Katerina shared her thoughts with us after the full digital detox in Bergolo.
“Hello, my name is Katerina Papadopoulou, I am 25 years old, and I live in Greece. As a musician and Speech and Language therapist, I love working with children and young people. I wanted to find out a way to balance the technology usage because I already knew that the overuse is preventing the children’s development of communicational skills, but on the other side, I was also aware of the beneficial impact that technological progress brings. Another reason for joining the program was my curiosity in finding out exactly how “addicted” I was to technology.”

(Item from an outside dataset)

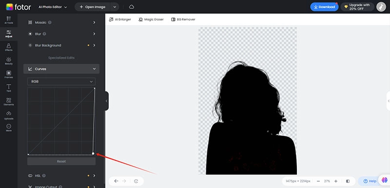 Step 3. Adjust the silhouette with the Brightness & Color features. Click on the Download button and save the image to PNG with a transparent background.

“During the project, I learned things about myself, the others and the use of technology. I understood that I could spend a wonderful time without my devices (phone, camera) and be even more relaxed because the need to check my emails and profiles was gone. It was amazing to see that we started to interact and talk more with each other when we gave away our devices. Of course, there were times when we missed the convenience of using technology, e.g. when we wanted to listen to music. However, the most obvious solution to this minor obstacle was for us to make music on our own.”
“All the activities and discussions we had made me aware that the problem is not the technology itself, but the way we tend to use it. I am now sure that If I train myself to be more aware of how I use my devices, i.e. to use them as a helpful tool and not to depend on them, I will improve my life. This fact I want to share with the youngsters I work with and help them become more communicative and active in the “real life”, which is happening now and not on the internet.”